In this criminal law case, a review of the record establishes that the Parole Board, except for one notable exception referred to below, considered the relevant statutory factors in exercising its discretion to deny petitioner parole. The Parole Board may properly consider the seriousness of the underlying crime, which in this instance is murder in the second degree, and the Board is “not required to give equal weight to the statutory factors it considered in reaching its discretionary determination” Both the interview transcript and the record before the Parole Board demonstrate that the Board also considered, inter alia, the petitioner’s institutional achievements, his disciplinary record, post-release plans, his institutional adjustment and the pre-sentence report. Notably, the Parole Board discussed at length with the petitioner his drug use history. In addition, the Parole Board gave the petitioner an opportunity to highlight or discuss any matter he felt warranted the Board’s attention. Thus, the record does not substantiate the petitioner’s claim that the Board only considered the seriousness of the underlying crime in denying his application for discretionary release.
In addition, in a previous criminal law case, the Third Department expressly rejected the argument that an inmate was deprived of due process because “the Board failed to indicate areas in which petitioner fell short of qualifying for parole” That Court explained: “Executive Law § 259-i does not create an entitlement to release on parole and therefore does not create interests entitled to due process protection” Moreover, the Court is not persuaded by the “petitioner’s equal protection claim alleging that the Board treated him differently from other inmates” who have also appeared before it. “Inasmuch as the Board’s ruling in this instance bears a rational relationship to the legitimate objective of community safety and respect for the law,” that claim must be dismissed.

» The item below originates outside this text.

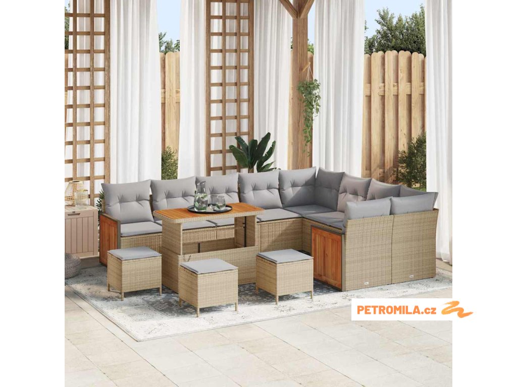 Sada zahradních pohovek s polštářem 13 pcs béžová a světle šedá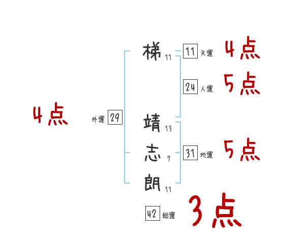 梯靖志朗さんの画数の鑑定結果

Turning to the failure of the Parole Board to consider the sentencing minutes, the Court is mindful of cases which have vacated parole determinations where the Parole Board failed to consider the inmate’s sentencing minutes.
In this instance, the respondent has submitted a document dated from the County Clerk and Clerk of the Supreme Court of Nassau County, in which she certifies that the minutes of petitioner’s sentencing cannot be located after a thorough search.

The Court is thus confronted with a situation where the Division of Parole has failed in its obligation, apparently over a substantial number of years, to obtain a copy of the petitioner’s sentencing minutes. What renders the situation all the more egregious is that the sentencing minutes are no longer available and cannot be obtained. In the Court’s view the determination of the Parole Board was procedurally flawed in that it did not consider the sentencing minutes; and was not informed that the sentencing minutes are no longer available. The Court finds that the matter should be remanded to the Parole Board for a de novo parole interview. The Parole Board should be advised of the foregoing. It should make a finding with regard to whether the sentencing minutes are no longer available and cannot be obtained. In the event that the Parole Board finds that the sentencing minutes are no longer available and cannot be obtained, then it should make a separate finding, if it be the case, that there is no evidence in the record which indicates that the sentencing judge made a sentencing recommendation adverse to the petitioner.

The Court has reviewed petitioner’s remaining arguments and finds them to be without merit.
Accordingly, the court granted the petition to the extent that the matter be and hereby is remanded to the Parole Board for a de novo parole interview in keeping with this decision.